=== PROMPT ===
Only the lines from the one containing "Hovädzie mäso podávame" to the end of the listing below should be returned, exactly as written and without pictures.

=== COLLECTED MATERIAL ===
╔══
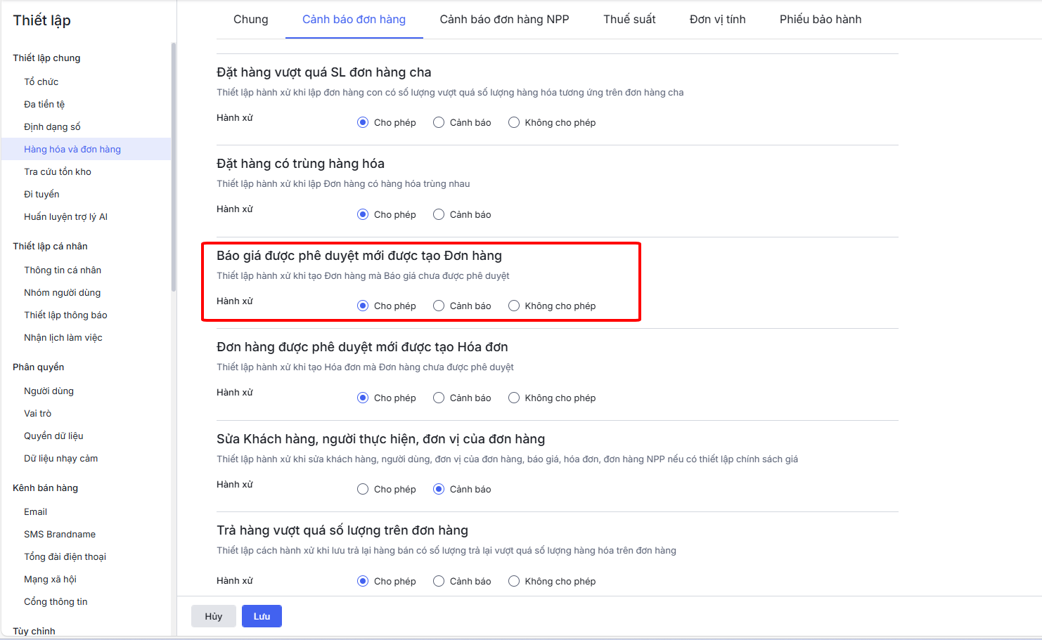 • Thiết lập “Bắt buộc Báo giá được phê duyệt mới được tạo Đơn hàng”
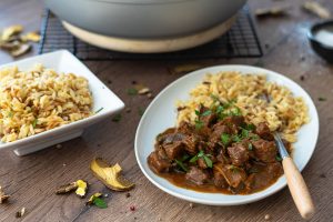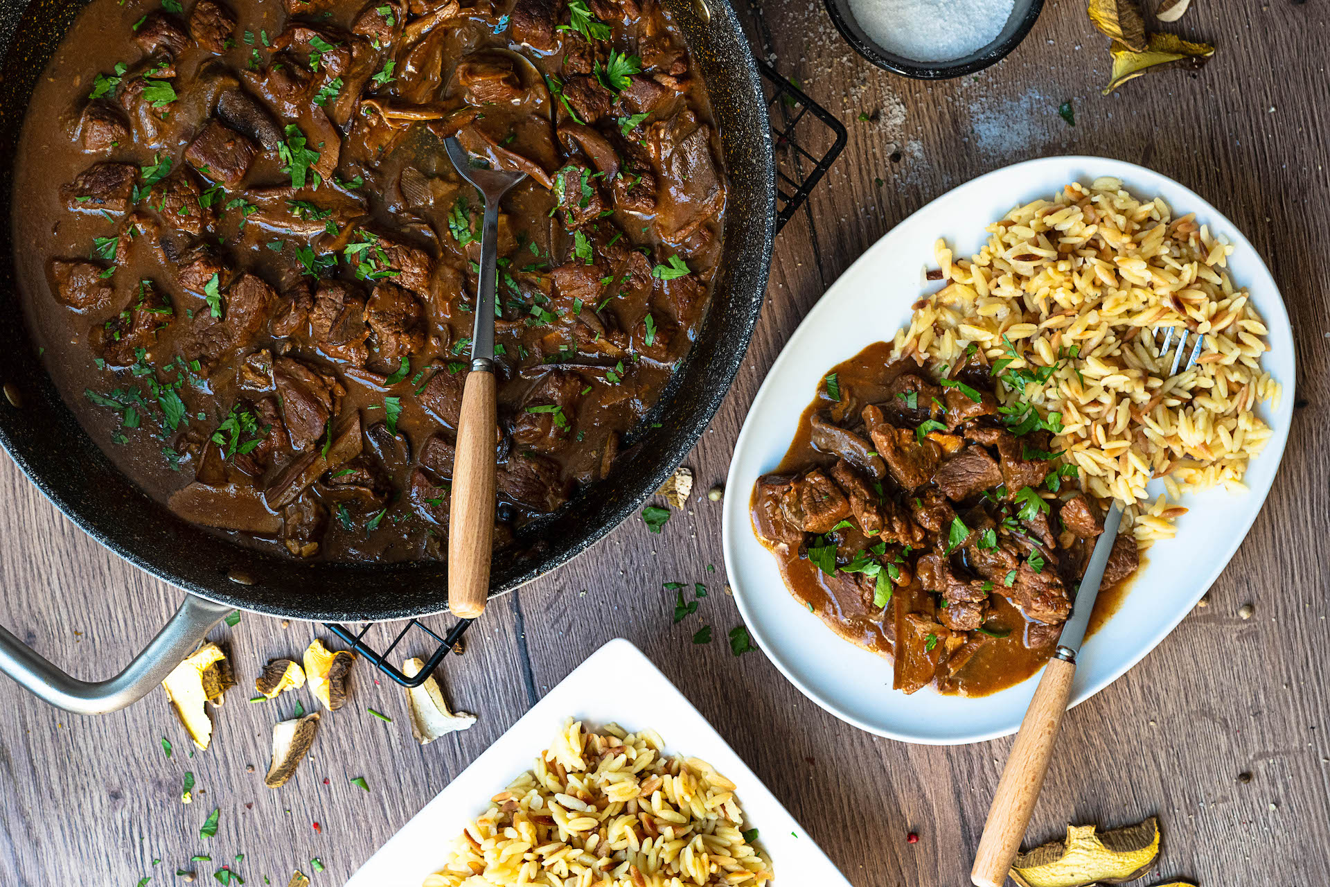 Hovädzie mäso podávame so slovenskou ryžou posypané nasekanou petržlenovou vňaťou.
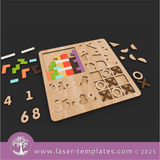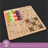 Laser cut template for a multi board game, Tetris, Puzzles, Tic Tac Toe and Numbers.
╚══
=== ANSWER TO THE EXERCISE ===
 Hovädzie mäso podávame so slovenskou ryžou posypané nasekanou petržlenovou vňaťou.
 Laser cut template for a multi board game, Tetris, Puzzles, Tic Tac Toe and Numbers.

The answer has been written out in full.